======== SUPPLIED RECORDS ========

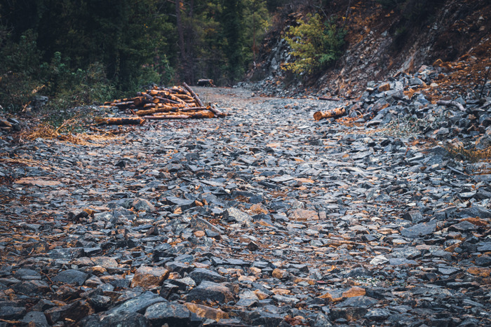 Мчусь по ущелью вдоль пересохшей речки. Почти на всём пути основное покрытие - ссохшаяся глина, но встречаются и секции из битого скальника. В этот раз повезло и я пролетаю его с горки.
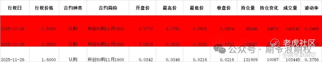 (2)科创50ETF:11月最大持仓范围1400-1550,今收1.488,下跌3.06%。期权11月主力合约,认购是以增仓为主,集中在1500-1800,合计8.3W张;认沽是低行权价增仓高行权价减仓,增仓集中在1250-1400,合计1.2W张,减仓集中在1450-1650,合计1.7W张。市场整体继续看多,但仍然谨慎。变化超过1W张的仓位如下,红色是增仓较大的。
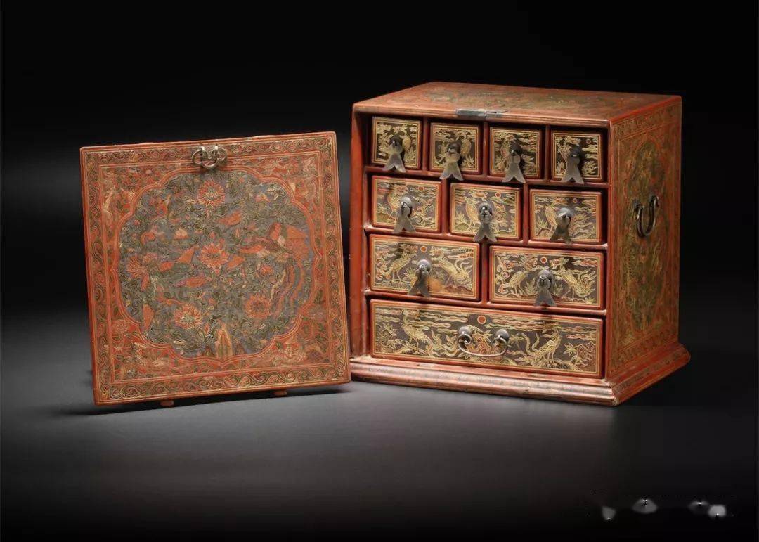 明嘉靖 戗金彩漆凤鸟纹长方匣
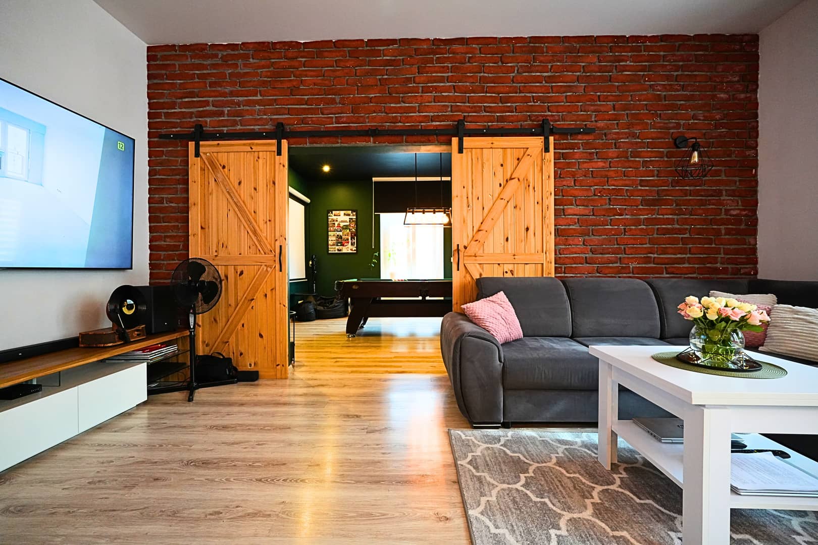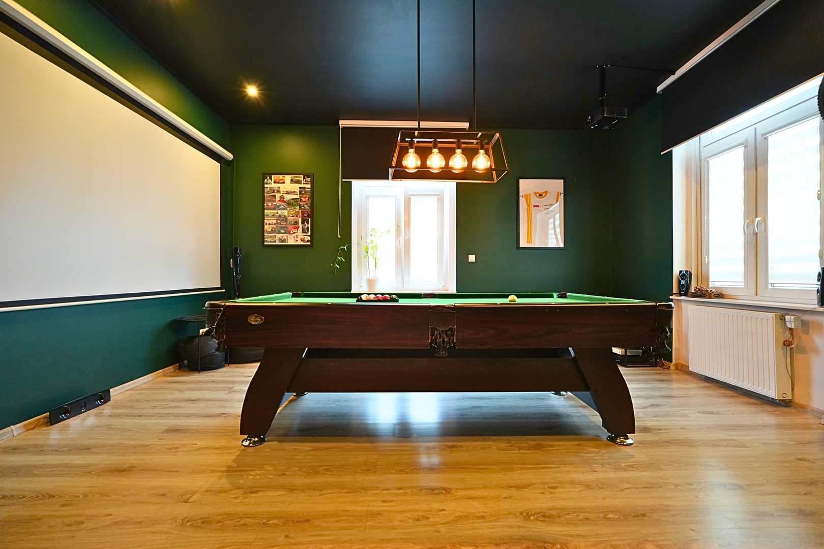 - Pokoju - obecnie wykorzystywany jako strefa rozrywkowa, w pomieszczeniu znajduje się stół bilardowy wraz ze strefą kina domowego.
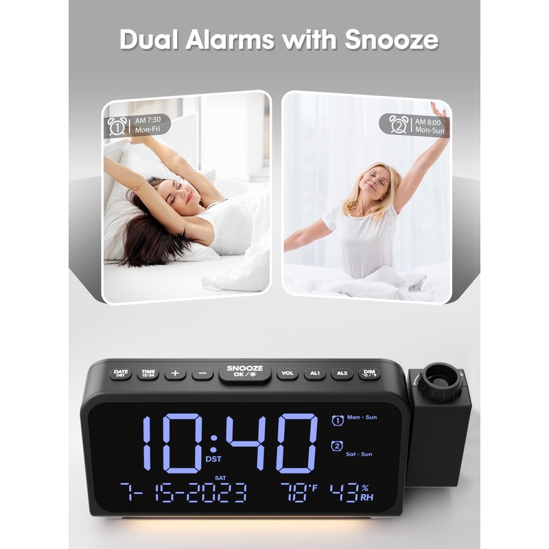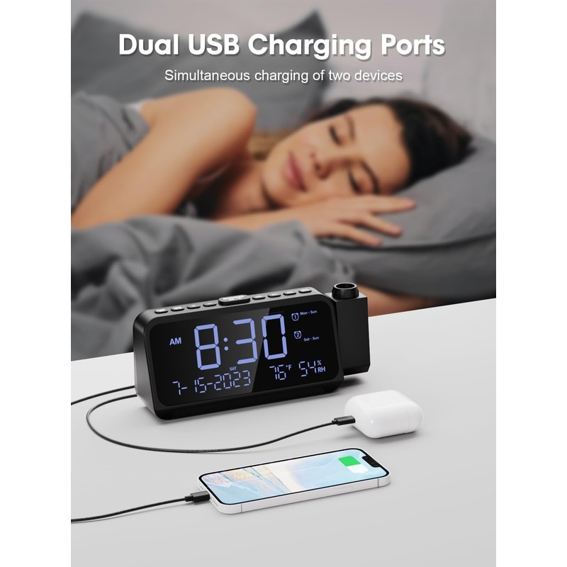 ROCAM - Reloj despertador de proyección, reloj digital con proyector de 350 ° en la pared del techo, doble alarma para dormitorios con modo de día de la semana y fin de semana, 2 puertos USB, atenuador, temperatura, humedad, luz nocturna, repetición
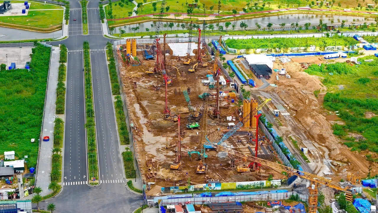 - Lumiere Midtown vẫn đang trong quá trình dậm đất ép cọc, chuẩn bị cho quá trình xây dựng móng cọc

========

▸ **WHAT THE TASK ASKS**:
Give the complete material again, exactly as written. Do not include the pictures.

▸ **WRITTEN RESPONSE**:
 Мчусь по ущелью вдоль пересохшей речки. Почти на всём пути основное покрытие - ссохшаяся глина, но встречаются и секции из битого скальника. В этот раз повезло и я пролетаю его с горки.
 (2)科创50ETF:11月最大持仓范围1400-1550,今收1.488,下跌3.06%。期权11月主力合约,认购是以增仓为主,集中在1500-1800,合计8.3W张;认沽是低行权价增仓高行权价减仓,增仓集中在1250-1400,合计1.2W张,减仓集中在1450-1650,合计1.7W张。市场整体继续看多,但仍然谨慎。变化超过1W张的仓位如下,红色是增仓较大的。
 明嘉靖 戗金彩漆凤鸟纹长方匣
 - Pokoju - obecnie wykorzystywany jako strefa rozrywkowa, w pomieszczeniu znajduje się stół bilardowy wraz ze strefą kina domowego.
 ROCAM - Reloj despertador de proyección, reloj digital con proyector de 350 ° en la pared del techo, doble alarma para dormitorios con modo de día de la semana y fin de semana, 2 puertos USB, atenuador, temperatura, humedad, luz nocturna, repetición
 - Lumiere Midtown vẫn đang trong quá trình dậm đất ép cọc, chuẩn bị cho quá trình xây dựng móng cọc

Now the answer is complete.